Na noite desta terça-feira, a nova interpretação foi confirmada por maioria de votos. Os ministros Ricardo Lewadowski, Cármen Lúcia e Benedito Gonçalves acompanharam o relator com considerações sobre os danos causados à democracia pelo uso de informações falsas.

O ministro Sérgio Banhos citou especificamente a nova interpretação dada ao parágrafo 57-D da Lei das Eleições. Ele afirmou que entender de modo diferente deixaria o processo eleitoral à mercê de toda sorte de desinformação e violaria o princípio que veda a proteção deficiente dos bens constitucionais.

Por fim, o ministro Carlos Horbach apontou que o artigo 57-D pode, sim, ser usado para multar por manifestações caluniosas, difamatórias ou sabidamente inverídicas feitas na internet. “Parece que o caso dos autos encontra a melhor solução nesse voto. Em especial pela descontextualização do vídeo que é apresentado mostrando uma fala sendo desvirtuada.”

Interpretação descabida
Na tribuna do TSE, a defesa de Nikolas Ferreira, feita pelo advogado e ex-ministro da casa Tarcísio Vieira de Carvalho, não se opôs à nova interpretação proposta pelo ministro Alexandre de Moraes. Mas alegou que ela não poderia ser aplicada às eleições de 2022, uma vez que representaria uma inovação.

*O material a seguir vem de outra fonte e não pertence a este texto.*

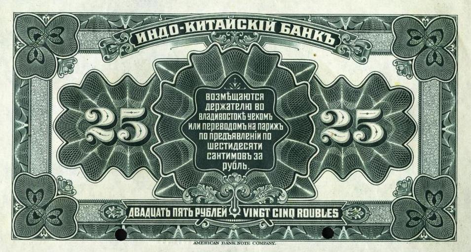Keywords: Banque d'Indo-Chine 25 roubles 1919 rev.jpg en Banque d'Indo-Chine 25 roubles 1919 rev jpg own Dvergar Money of Civil war of Russia Banknotes with a face value of 25

Como não há previsão legal para estender a regra antianonimato para o caso de fake news, ele disse que o TSE estaria encurtando caminhos legislativos para criar um padrão de comportamento que os candidatos como Nikolas Ferreira não teriam como antever.

A manifestação sensibilizou apenas o ministro Raul Araújo, que abriu a divergência e ficou vencido isoladamente. Ele se opôs à interpretação extensiva do artigo 57-D por entender inviável unificar o uso do anonimato na internet e a disseminação de fake news como duas espécies de mesmo fenômeno social.

Mas, antes mesmo disso, considerou o vídeo do deputado federal legítimo e plausível. Ele afirmou que está nos limites da liberdade de expressão ao trazer aceitável narrativa politica com comentários críticos a Lula, sem qualquer descontextualização que se mostre relevante.

“A atuação da Justiça Eleitoral para restringir a propaganda e, consequentemente, a liberdade de expressão deve ser medida excepcional. A propaganda é o meio para a livre circulação de ideias, impondo intervenção minimalista sob pena do comprometimento do direito do eleitor ao acesso à informação”, disse Araújo.